WASHINGTON, D.C. – U.S. Senator Tammy Baldwin (D-WI), a member of the Senate Health, Education, Labor and Pensions (HELP) Committee, joined her colleagues today, led by Senator Dick Durbin (D-IL), in sending a letter to the Department of Health and Human Services (HHS) seeking transparency and information regarding the distribution process for remdesivir, a therapeutic which can be used to treat hospitalized COVID-19 patients.
Senator Baldwin and her colleagues cited significant concerns raised by hospitals, health providers, patients and medical societies regarding the opaque process under which the federal government is determining distribution of remdesivir, as well as the future supply to meet patient needs. Given the likely federal role in distributing future COVID-19 drugs and vaccines, the Senators requested a briefing by May 19 from the administration officials in charge of the remdesivir allocation process.
“We acknowledge that the limited current supply and substantial demand for remdesivir results in necessary choices about distribution. However, in the midst of this pandemic, it is unacceptable for our health care system and patients to be left in the dark about if, how, and when, supply of this therapeutic may arrive,” the Senators wrote. “Given the likelihood of future therapeutics and vaccines being approved or authorized for use in the U.S., it is essential that the Administration assuage concerns about this initial test run of such federal distribution and any potentially unfair system for distributing essential medical supplies.”
On May 9, HHS announced additional plans for shipments to states to be in charge of remdesivir distribution, leaving many unanswered questions about timing, supply chain, and the amounts determined for each state’s allocation.
Joining Baldwin and Durbin on today’s letter includes Senators Jeanne Shaheen (D-NH), Martin Heinrich (D-NM), Sherrod Brown (D-OH), Angus King (I-ME), Chris Van Hollen (D-MD), Tim Kaine (D-VA), Elizabeth Warren (D-MA), Chris Murphy (D-CT), Richard Blumenthal (D-CT), Mazie Hirono (D-HI), and Jeff Merkley (D-OR).
Dear Secretary Azar:
We write to seek transparency and information regarding the distribution process for the coronavirus (COVID-19) therapeutic remdesivir, especially given the likely federal role in distributing other future COVID-19 drugs and vaccines.
On May 1, the Food and Drug Administration (FDA) issued an emergency use authorization (EUA) for remdesivir for the treatment of hospitalized COVID-19 patients. The EUA stipulates that the “distribution of the authorized remdesivir will be controlled by the United States Government … in collaboration with state and local government authorities, as needed.” The manufacturer of remdesivir, Gilead, has confirmed, through public statements, that “the U.S. government will coordinate the distribution of remdesivir to hospitals in regions most heavily impacted by COVID-19. Gilead and AmerisourceBergen are not deciding which hospitals will receive remdesivir.”
In the days following this EUA, significant concerns have been raised by hospitals, health providers, patients, and medical societies regarding the opaque process under which the federal government is determining distribution of remdesivir, as well as the future supply to meet patient needs. Organizations including the Infectious Diseases Society of America, the HIV Medicine Association, and the American Society of Health-System Pharmacists have written to urge transparency and orderly allocation of this therapeutic. Unfortunately, reports from our hospitals painted a picture of disarray, confusion, and inequity during the first week of remdesivir distribution. Originally, approximately 25 hospitals appeared to have received direct access to remdesivir, with a seemingly arbitrary process as many academic medical centers treating the highest volumes of COVID-19 patients in their states were been unable to obtain remdesivir.
On May 9, HHS announced that it would be turning the distribution process over to the states, with health departments receiving shipments of remdesivir and allocating them within their states to appropriate hospitals.
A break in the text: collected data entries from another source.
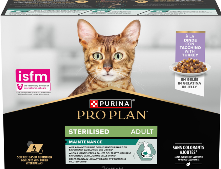 Вологий корм PRO PLAN Sterilised Nutrisavour для стерилізованих кішок з індичкою, мильтипак 10х85 г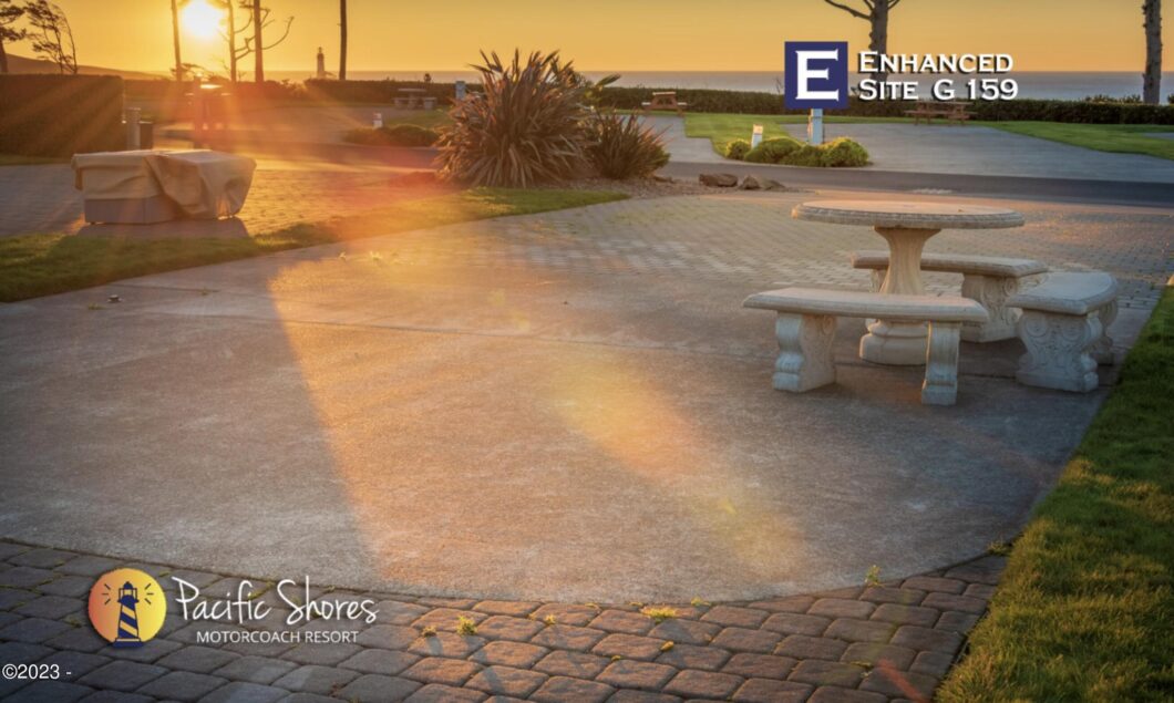 Beautiful Ocean View back-in lot with panoramic Pacific Ocean view. Watch whale spouts by day and the Yaquina Head Lighthouse flash at night. Expanded sitting area for your outdoor entertainment. There are wooded nature walking trail to an uncrowded beach. Pacific Shores offers, indoor/outdoor pools and spas, hot sauna. Owner’s only gym, kitchen and many more… Come and check out his beauty!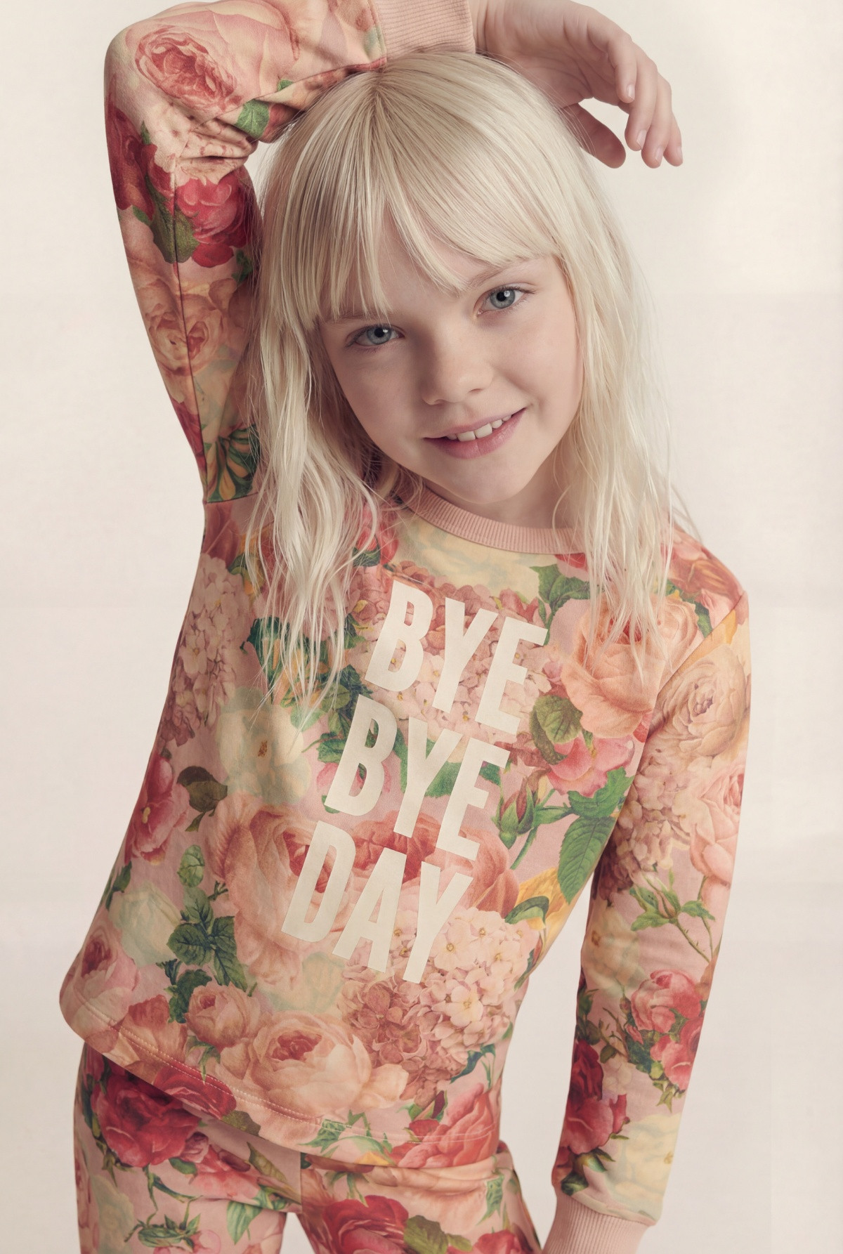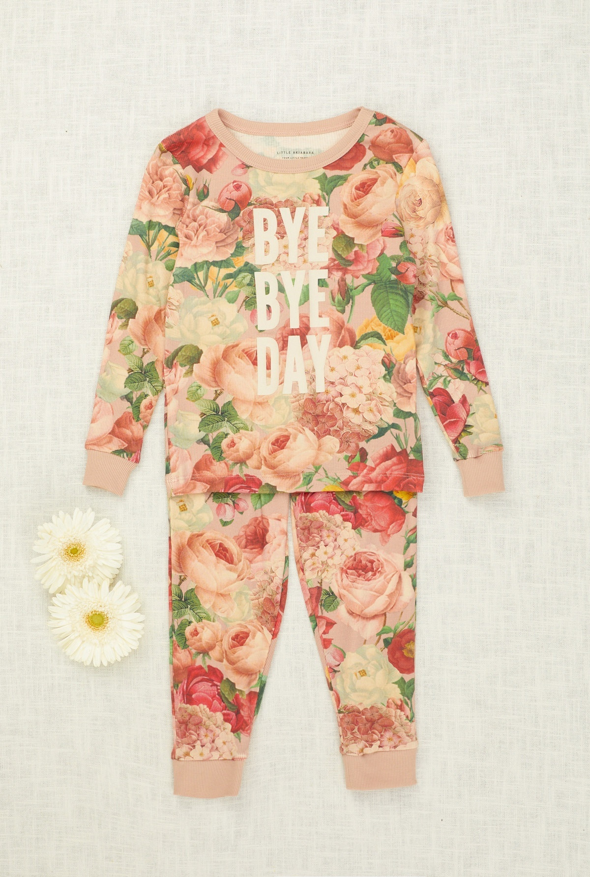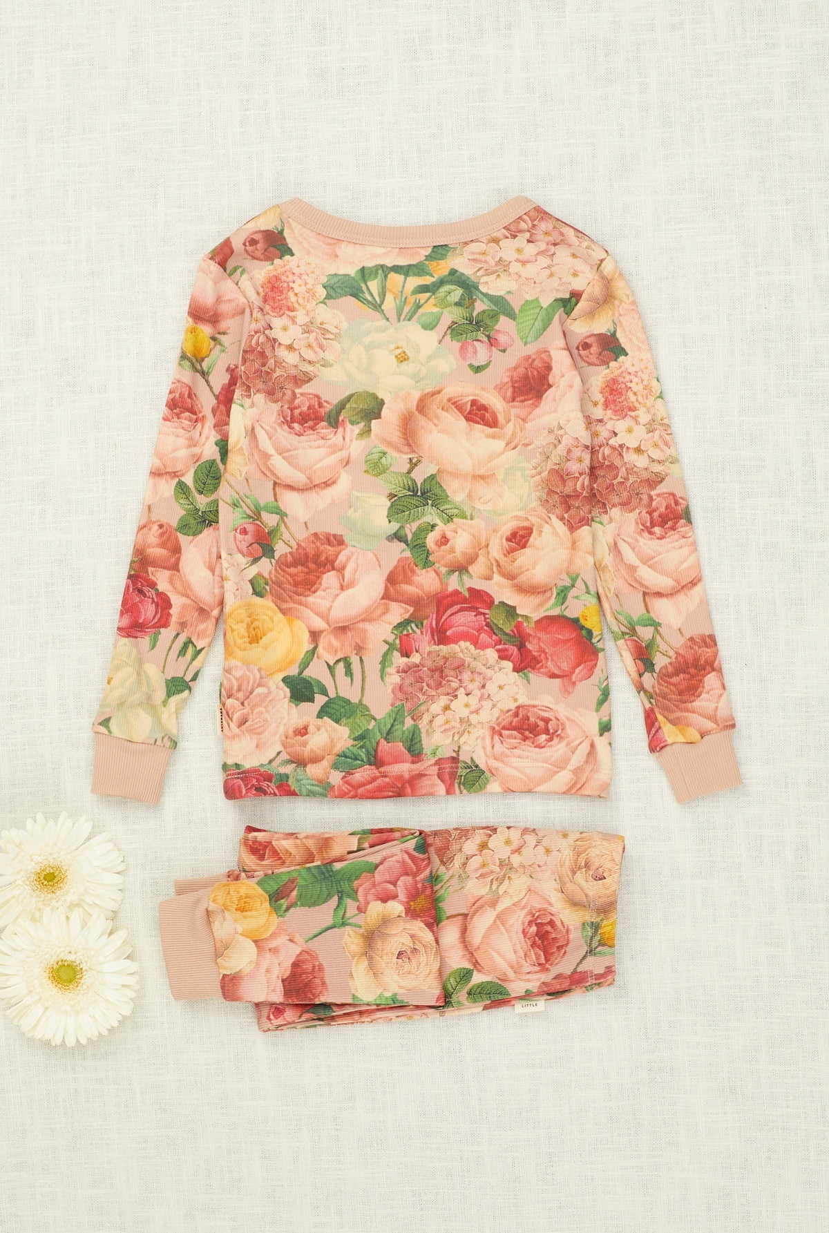 Pijama de 2 piezas en rib estampado con motivo floral, ambas prendas tienen puños.

While states and local health officials have the insights to make decisions about needs across their communities, this announcement leaves many questions unanswered about when states will receive shipments, how the amounts of shipments to each state were/will be determined, and what the federal role may be following such shipments. We are also concerned that the shipments will not adequately address patient needs.
We acknowledge that the limited current supply and substantial demand for remdesivir results in necessary choices about distribution. However, in the midst of this pandemic, it is unacceptable for our health care system and patients to be left in the dark about if, how, and when, supply of this therapeutic may arrive. And this appears to follow a similar pattern of the supply chain for medical supplies being shrouded in secrecy and poorly coordinated federal intervention, as we have seen with personal protective equipment and testing kit supplies. Given the likelihood of future therapeutics and vaccines being approved or authorized for use in the U.S., it is essential that the Administration assuage concerns about this initial test run of such federal distribution and any potentially unfair system for distributing essential medical supplies.
To ensure equitable distribution of this treatment for COVID-19 patients, we request a briefing by May 19 from the Administration officials in charge of this allocation process. Further, we urge your agencies to establish a public-facing portal to outline the methodology being used to allocate this therapeutic, as well as a process for hospitals to request access to remdesivir. Thank you for your attention to this urgent and important public health matter.